Exercise goal: Since pictures are not part of the copy, please output only the lines from the one with "מטריה מתקפלת מעוטרת" through the end of the data below, exactly as written.
══════
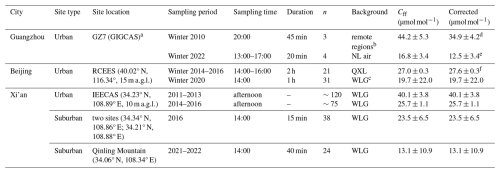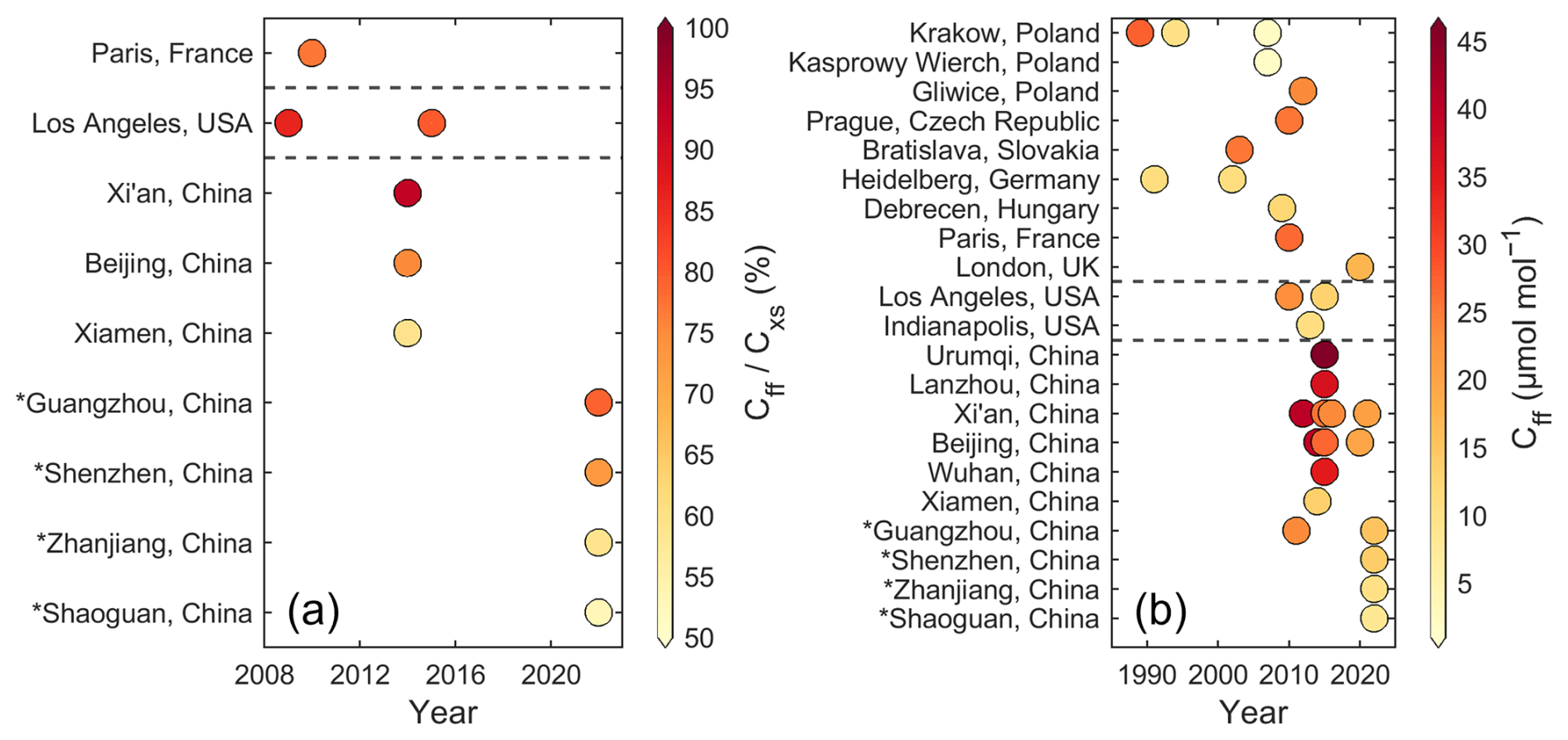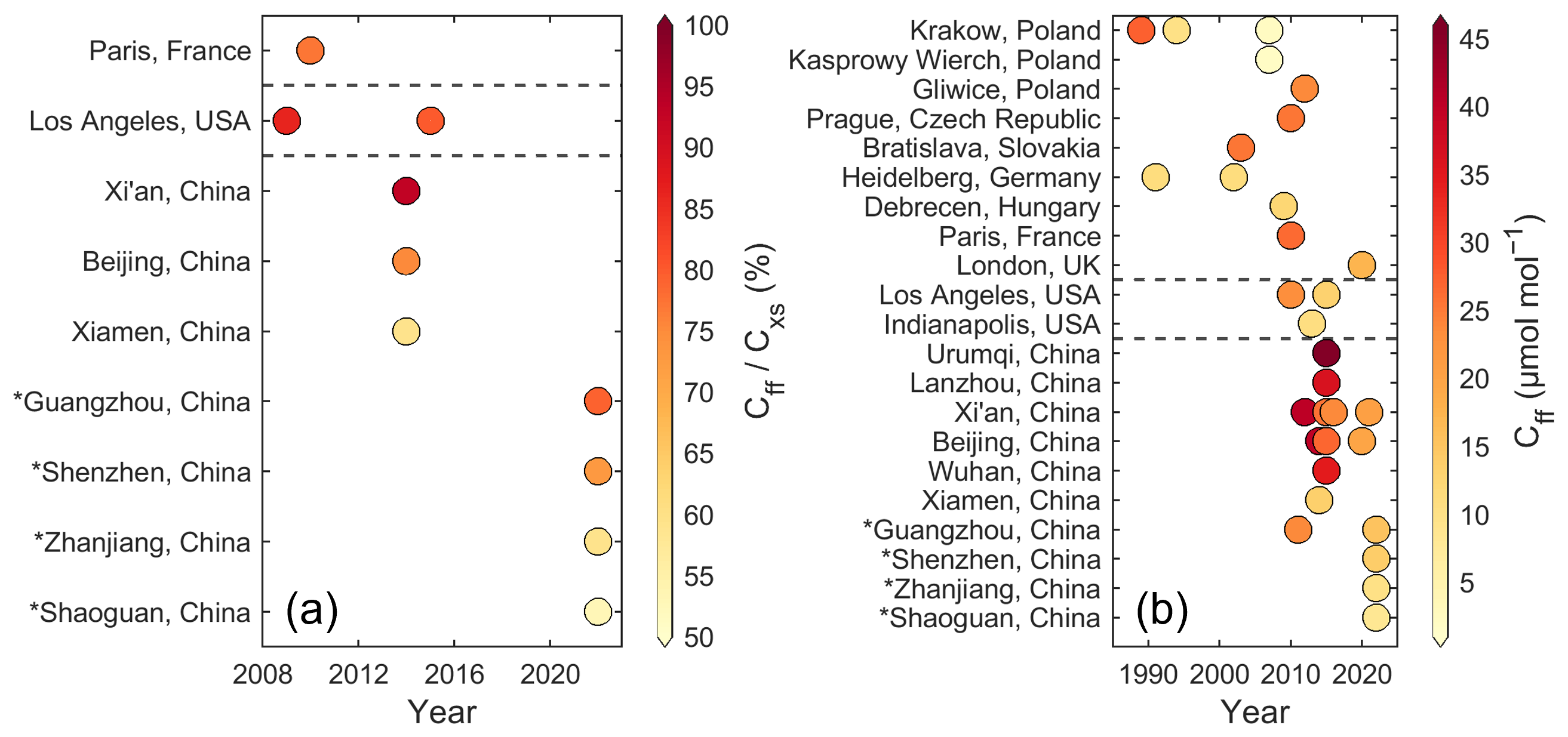 Comparable harmonized analyses were performed for other Chinese cities (Tables H1 and H2; Fig. 4a). For Beijing, all measurements originate from the urban rooftop site of the Research Center for Eco-Environmental Sciences, Chinese Academy of Sciences (RCEES). The Δ(14C) background used in Zhou et al. (2020) was based on Qixianling Mountain (QXL), whereas Wang et al. (2022b) adopted the Waliguan (WLG) background. All Cff values were recalculated using WLG as a common reference background with the 2015 value from Niu et al. (2016). After this correction, the 2014–2016 winter Cff value increases slightly from 27.0±0.3 to 27.6±0.3µmolmol-1, ensuring consistency across datasets. Relative to this harmonized baseline, the subsequent decline to 19.7±22.0 µmol mol−1 by winter 2020 (Wang et al., 2022b) represents an approximate 29 % reduction (p<0.05). This trend is consistent with regional fossil-fuel CO2 emission reductions and corroborated by independent Δ(14C) tree-ring records showing a peak near 2010 in Beijing (Niu et al., 2024). For Xi'an, at the Institute of Earth Environment, Chinese Academy of Sciences (IEECAS) urban site, Cff fell by 36 % from (40.1±3.8)µmolmol-1 in 2011–2013 to (25.7±1.1)µmolmol-1 in 2014–2016 (p<0.001) (Zhou et al., 2022). Suburban sites declined by ≈12 % from (23.5±6.5)µmolmol-1 in 2016 (Wang et al., 2018) to (13.1±10.9)µmolmol-1 in 2021–2022 (Liu et al., 2024) (p<0.05). These decreases are consistent with independent Δ(14C) tree-ring records indicating emission peak near 2013 in Xi'an (Niu et al., 2024).
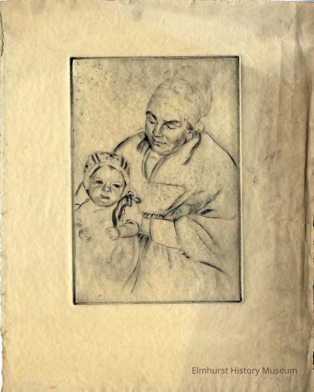 Print, etching on paper by Lee Sturges, UNTITLED, Mother and Child
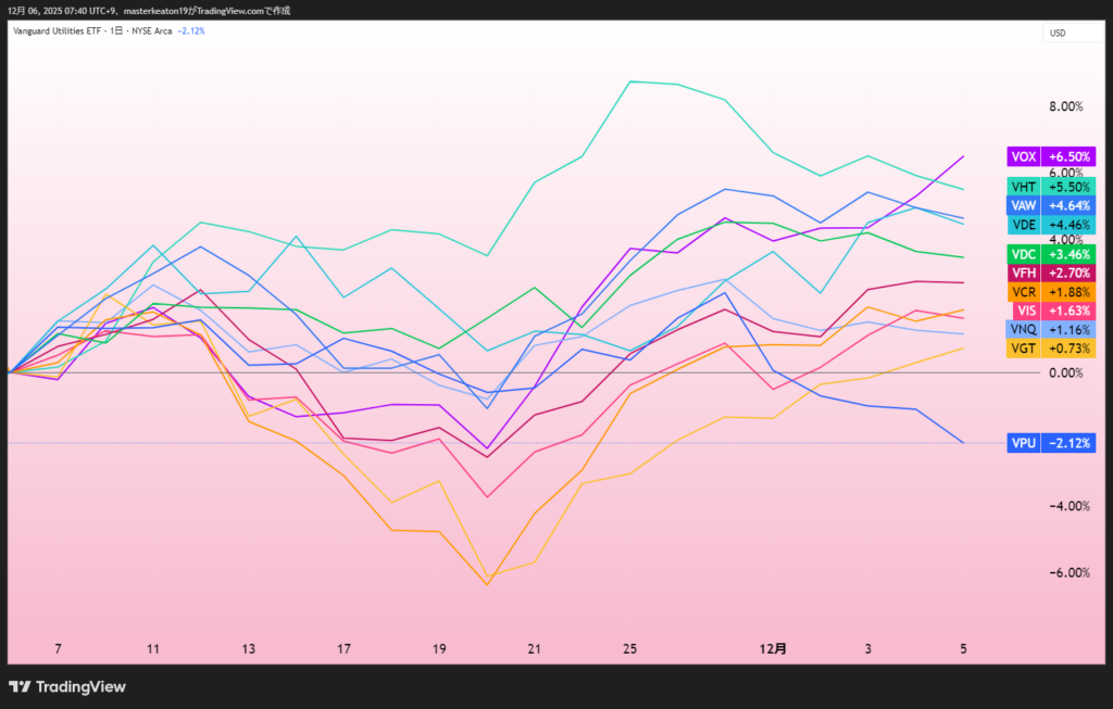 下図をご覧下さい。1か月のセクター毎の株価指数の推移です。
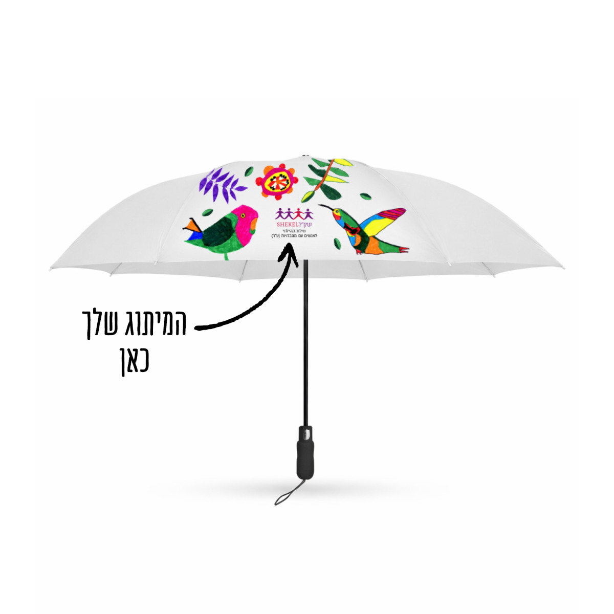 מטריה מתקפלת מעוטרת באיורים של אמני שק"ל
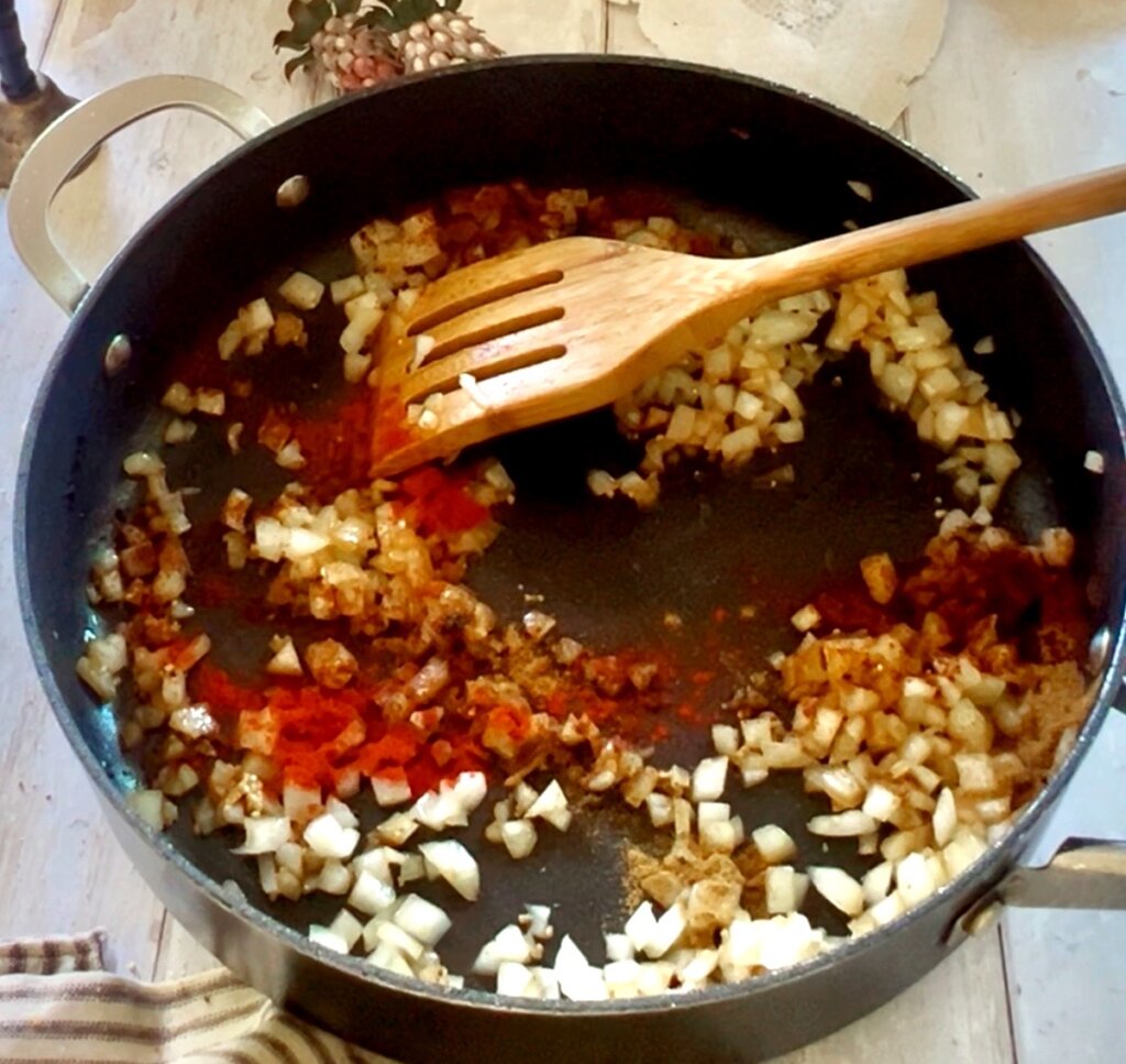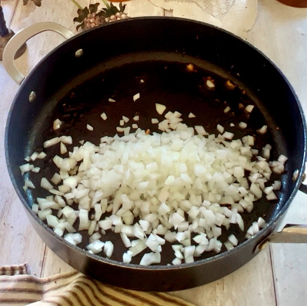 - In the same skillet heat another Tbsp of olive oil. Sauté onion over med/hi heat until softened. Add the garlic and cook & stir for another minute.
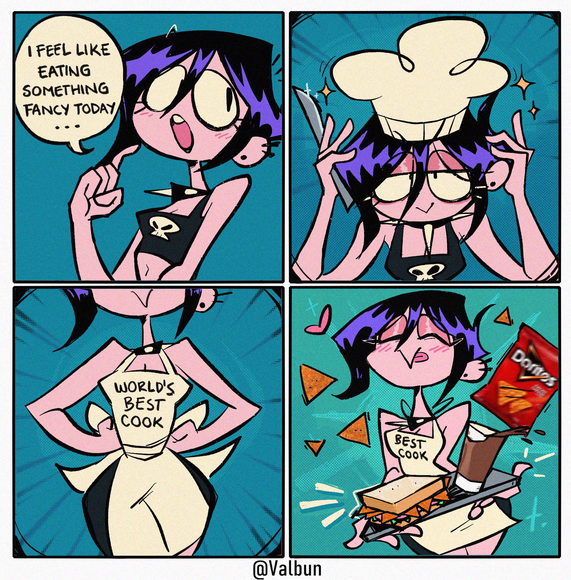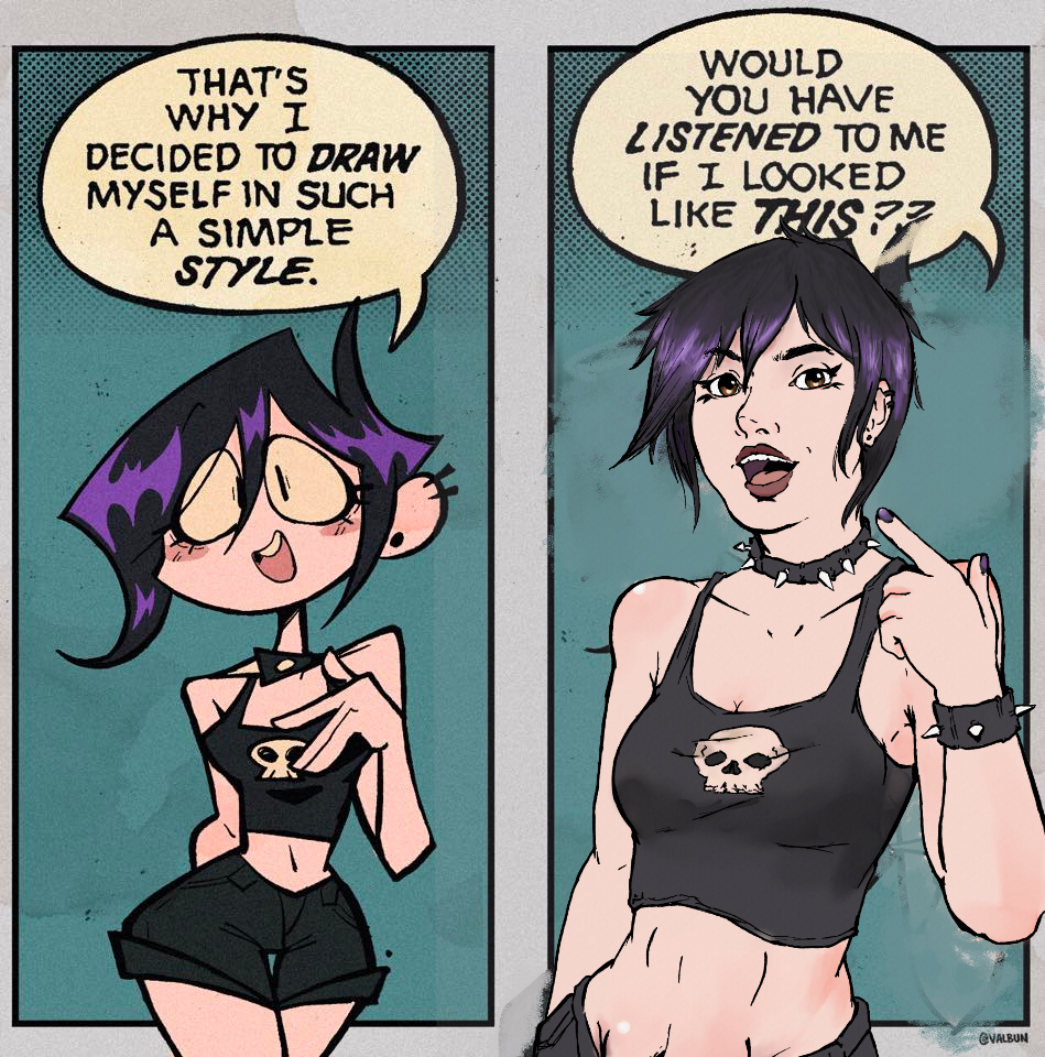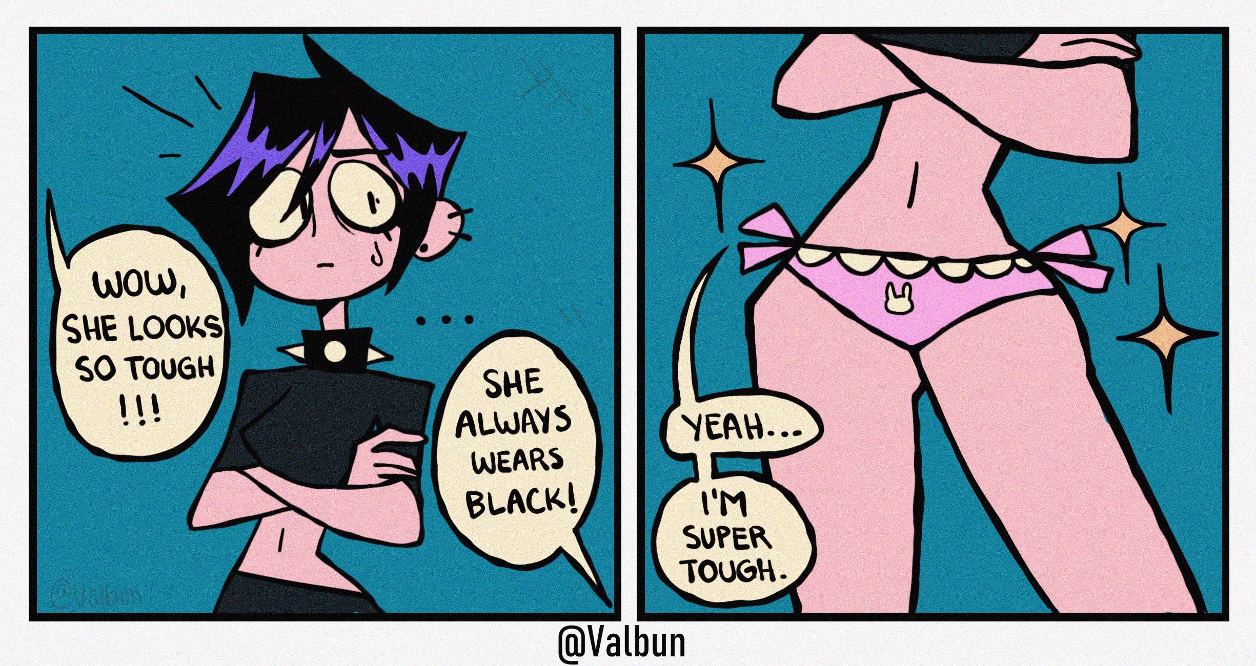 >>153401878This. Every single comic is just some variation of "teehee I'm so cute but also different because I'm a goth that likes cute things". She needs to just draw purely lewd art of herself.
══════
Worked solution:
 מטריה מתקפלת מעוטרת באיורים של אמני שק"ל
 - In the same skillet heat another Tbsp of olive oil. Sauté onion over med/hi heat until softened. Add the garlic and cook & stir for another minute.
 >>153401878This. Every single comic is just some variation of "teehee I'm so cute but also different because I'm a goth that likes cute things". She needs to just draw purely lewd art of herself.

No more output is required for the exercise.